Comment 12 for bug 1621541

Revision history for this message
Roman Podoliaka (rpodolyaka) wrote :

Eugene is absolutely right: the problem is that two of three memcached servers are down and we wait $socket_timeout to understand that, as the node is down and can't reply with 'connection refused'.

Please note the timings:

root@node-2:~# time nova list
+----+------+--------+------------+-------------+----------+
| ID | Name | Status | Task State | Power State | Networks |
+----+------+--------+------------+-------------+----------+
+----+------+--------+------------+-------------+----------+

real 0m8.651s
user 0m0.590s
sys 0m0.109s

http://paste.openstack.org/show/569331/

^ as you can see in haproxy logs both Keystone and Nova slowed down (as they both use memcached: Keystone uses it directly and in nova-api it's keystone_authmiddleware which stores validated tokens in memcached).

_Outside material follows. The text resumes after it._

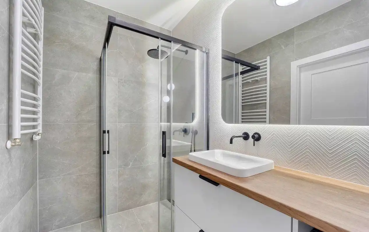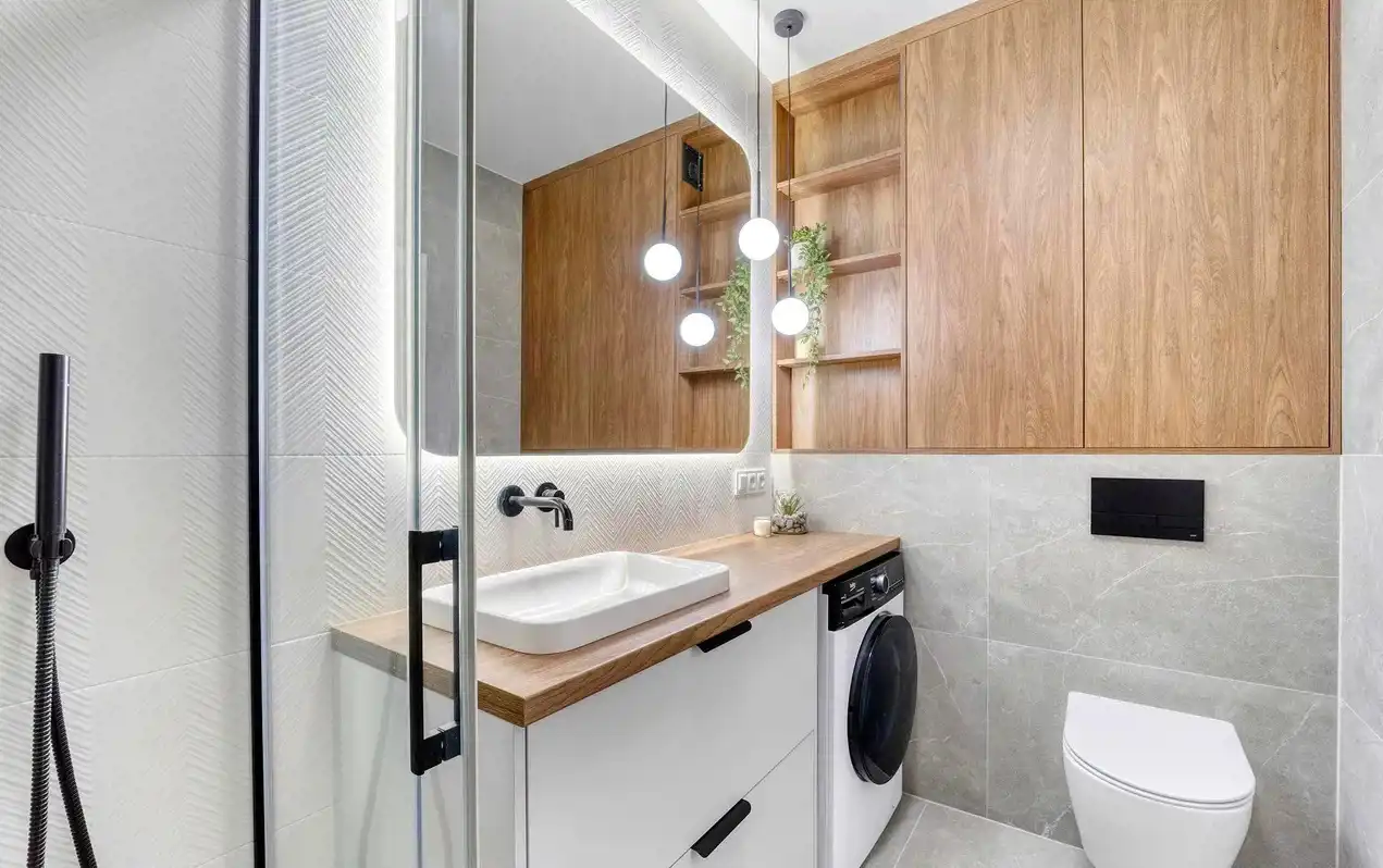 Wykończona w standardzie premium. Duże płytki o strukturze kamienia, czarna armatura, podświetlane lustro oraz zabudowy stolarskie tworzą nowoczesną i elegancką całość. Komfort użytkowania podnosi prysznic typu walk-in, ogrzewanie podłogowe oraz pralko-suszarka.
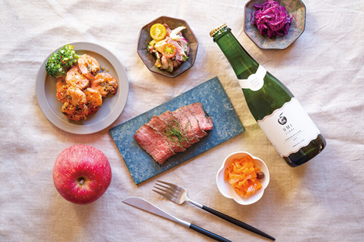 - (1)UMIシードル 2,200円 / (2)YAMAシードル 2,400円 / (3)KAZEシードルdry 2,200円 / (4)KAZEシードルsweet 2,400円

strace'ing nova-api allows to see that we try to connect to a memcached server and wait $socket_timeout (3s by default):

http://paste.openstack.org/show/569327/

until we finally find a server thats works.

The memcache client we use allows to set $socket_timeout and $dead_retry (for how long to ignore this particular memcache server if we could not connect to it) values, but this is done per process and we run multiple forks of nova-api and keystone to handle concurrent requests, thus you'll need to "warm up" those first. When you do, you'll see, that nova-api responds quickly:

http://paste.openstack.org/show/570138/